By utilizing WeightedSums because the inputs to different operators, it’s doable to specific wealthy combinatorial constructions, whereas conserving fashions compact and the variety of learnable weights small. For instance, we embody the sum_of_products mannequin (illustrated within the determine under) which first creates a pairwise product of two WeightedSums, after which a sum of the 2 merchandise. By setting among the weights to zero, we are able to create many various discrete constructions. The overall variety of doable constructions on this mannequin is 2¹⁶, since there are 16 base kernels that may be turned on or off. All these constructions are explored implicitly by coaching simply this one mannequin.

Illustration of the “sum_of_products” mannequin. Every of the 4 WeightedSums have the identical construction because the “sum_of_stumps” mannequin.

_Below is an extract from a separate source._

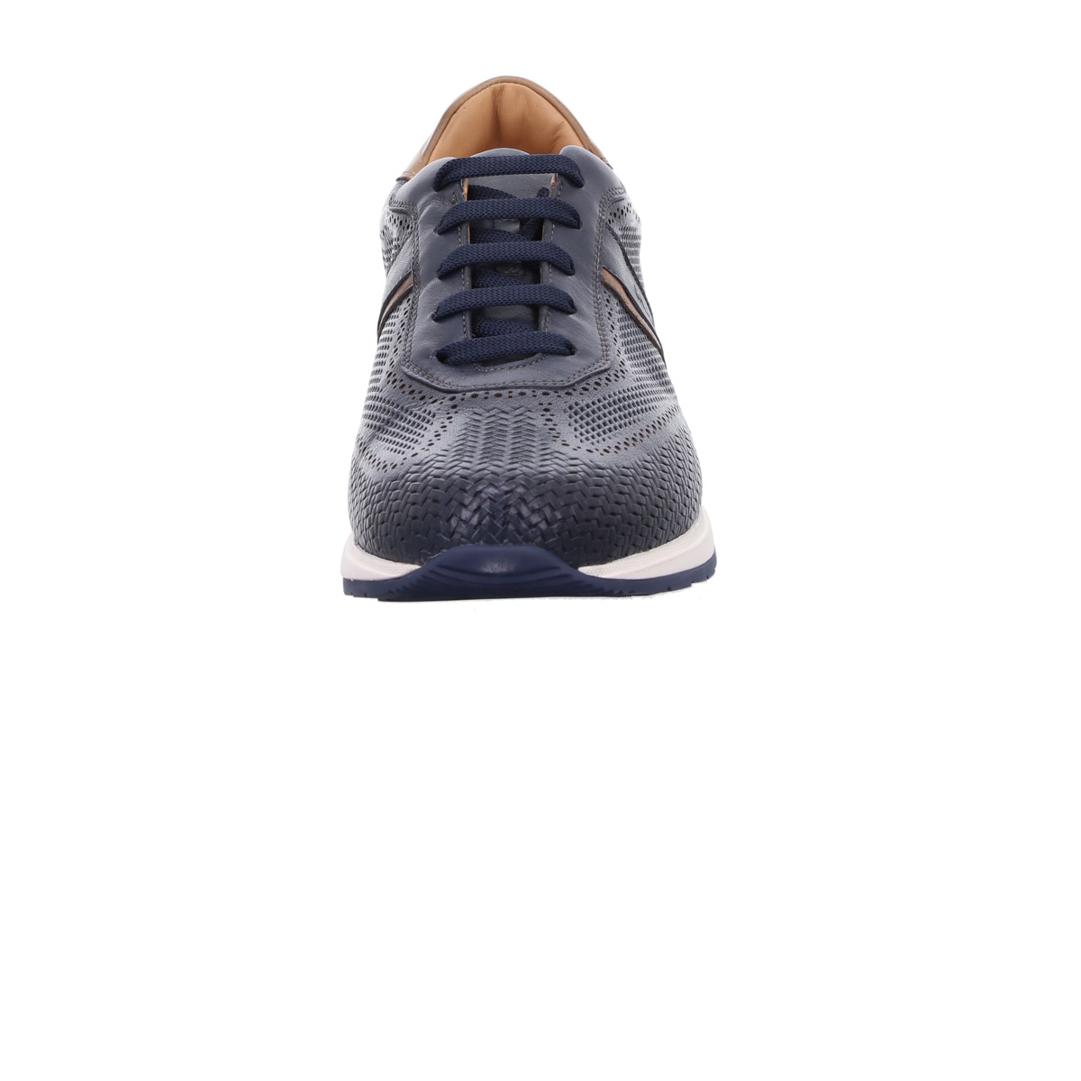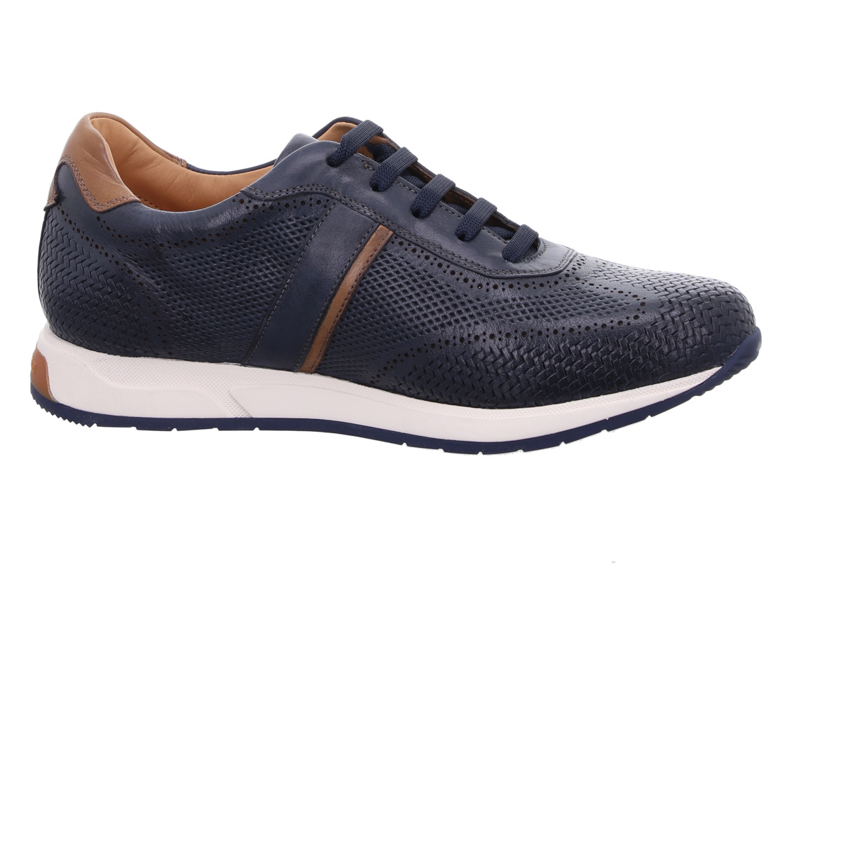 Der Sneaker überzeugt durch seine strukturierte Lederoberfläche und die stilvolle Farbkombination aus tiefem Blau und dezenten braunen Akzenten. Die feinen Perforationen sorgen nicht nur für eine moderne Optik, sondern auch für ein angenehmes Fußklima.

We’ve discovered, nevertheless, that sure combos of kernels (e.g., the product of Periodic and both the Matern or ExponentiatedQuadratic) result in overfitting on many datasets. To stop this, we have now outlined mannequin lessons like sum_of_safe_shallow that exclude such merchandise when performing construction discovery with WeightedSums.

For coaching, AutoBNN supplies AutoBnnMapEstimator and AutoBnnMCMCEstimator to carry out MAP and MCMC inference, respectively. Both estimator may be mixed with any of the six chance features, together with 4 primarily based on regular distributions with totally different noise traits for steady information and two primarily based on the damaging binomial distribution for rely information.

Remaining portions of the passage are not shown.